Review of Paraphilias
Parafilieën zijn, per definitie, afwijkende seksuele voorkeuren. Ze worden beschreven als afwijkend omdat ze interfereren met dyadisch, wederzijds bevredigend seksueel gedrag (bijv. de travestiet die geen interesse heeft in seksuele relaties met partners omdat hij eigenlijk alleen opgewonden wordt door het dragen van vrouwenkleding) of omdat ze gepaard gaan met dwingende seksuele activiteit (bijv. pedofilie, seksueel sadisme). De diagnose van een parafilie kan op drie manieren worden gesteld. Personen kunnen als parafiel worden gediagnosticeerd wanneer zij zelf een dergelijke voorkeur aangeven, hoewel patiënten deze informatie gewoonlijk niet vrijwillig verstrekken en zorgvuldige ondervraging nodig zal zijn. Patiënten kunnen als parafiel worden gediagnosticeerd wanneer zij een positieve fallometrische testuitslag hebben van een gerenommeerd fallometrisch laboratorium met gepubliceerde of beschikbare gevoeligheids- en specificiteitsgegevens (zie onderstaande discussie). Personen kunnen ook worden gediagnosticeerd als parafiel wanneer zij gedrag vertonen dat redelijkerwijs niet kan worden verklaard door andere psychiatrische diagnoses.

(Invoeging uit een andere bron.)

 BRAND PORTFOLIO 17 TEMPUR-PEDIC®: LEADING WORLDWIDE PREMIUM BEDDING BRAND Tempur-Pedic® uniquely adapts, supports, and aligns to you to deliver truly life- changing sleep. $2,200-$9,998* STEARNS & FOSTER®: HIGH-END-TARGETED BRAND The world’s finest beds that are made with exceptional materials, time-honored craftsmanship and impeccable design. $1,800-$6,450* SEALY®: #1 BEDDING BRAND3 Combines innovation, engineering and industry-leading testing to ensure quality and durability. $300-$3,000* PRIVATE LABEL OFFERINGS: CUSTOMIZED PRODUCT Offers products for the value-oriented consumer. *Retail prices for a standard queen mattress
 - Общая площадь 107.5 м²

Er zijn een aantal specifieke parafilieën die zijn geïdentificeerd. Onderzoek heeft aangetoond dat wanneer personen aan één parafilie lijden, zij doorgaans aan meerdere parafilieën zullen lijden; gemiddeld zal een parafiele patiënt aan twee of drie parafilieën lijden, hoewel één ervan doorgaans de centrale organiserende parafilie zal zijn.
Het is praktisch gezien niet mogelijk om een patiënt vragen te stellen over elke mogelijke parafiele voorkeur. Wij stellen voor dat in wezen de meest voorkomende en de meest lastige of verontrustende parafilieën de onderwerpen zijn van routine-onderzoek voor personen van wie wordt beweerd dat zij zich seksueel hebben misdragen. Veel parafilieën zullen zich typisch presenteren met specifieke cognitieve vervormingen; we stellen voor dat naast de seksuele interesse, patiënten gevraagd wordt naar de aan- of afwezigheid van deze cognitieve vervormingen omdat deze het doelwit van behandeling zullen worden.

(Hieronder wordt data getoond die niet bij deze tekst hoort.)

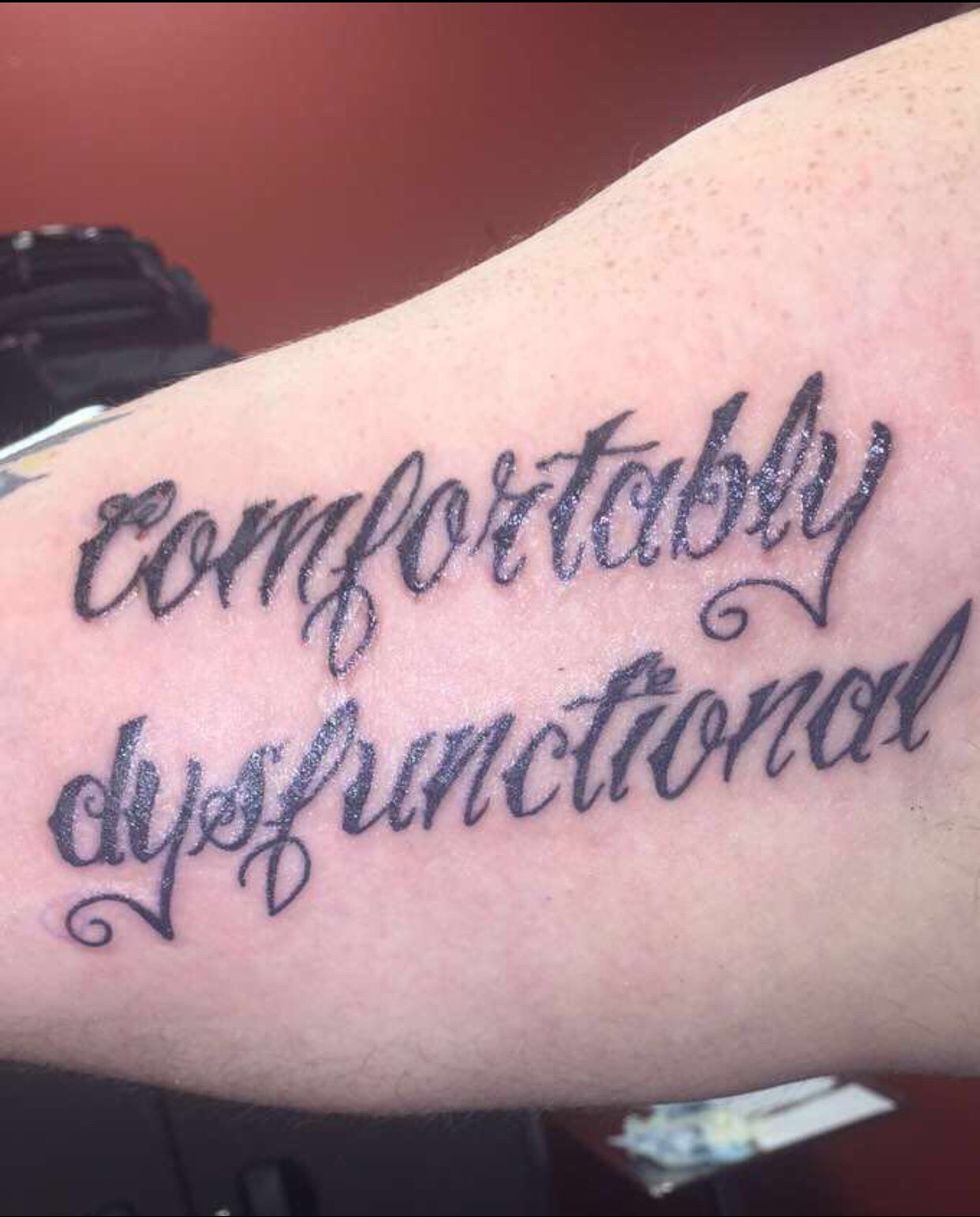 Others get tattoos that have meaning behind them. I believe all tattoos have some type of meaning, or significance, even if it's just, "I got this because it's cool." It could be deeper than that, too. Shown above is my version of the tattoo I got matching with my brother. They're in the same location, which for me, is significant enough, but these words are song lyrics. They allow me to kind of show off my taste in music, how music affects my life, and to wear it on my skin every single day. Constantly I am applying music to my life and finding ways to relate to it or make simple connections. This is one that probably means the most to me and I love being able to see it all the time, especially in its typewriter font.

Parafilieën worden bijna uitsluitend bij mannen gevonden. Wanneer een vrouw problematisch seksueel gedrag zou hebben vertoond, moet worden gezocht naar niet-parafiele verklaringen voor dat gedrag.
Exhibitionisme wordt gedefinieerd als een seksuele voorkeur voor het blootstellen van de eigen genitaliën. Exhibitionisten zullen gewoonlijk proberen dit gedrag te vertonen op een manier die kan worden verklaard; ze kunnen bijvoorbeeld later beweren dat ze in het openbaar aan het plassen waren in plaats van hun genitaliën bloot te geven, of ze kunnen beweren dat hun badjas openviel net op het moment dat ze de voordeur openden. Exhibitionisten vertonen dit gedrag vaak en herhaaldelijk. Het cruciale punt voor exhibitionisten is vaak het observeren van de gezichtsuitdrukking van hun slachtoffers. Soms zullen exhibitionisten verklaren dat ze genieten van de verbazing of de schok op het gezicht van hun slachtoffers. Op andere momenten zullen zij beweren dat de uitdrukking op de gezichten van de slachtoffers er een was van bewondering voor de genitale organen van de exhibitionist. De cognitieve vervorming of vervormingen die typisch met dit gedrag gepaard gaan, omvatten de overtuiging dat het slachtoffer onder de indruk zal zijn van de organen van de exhibitionist en seksuele betrekkingen met hem zal willen hebben.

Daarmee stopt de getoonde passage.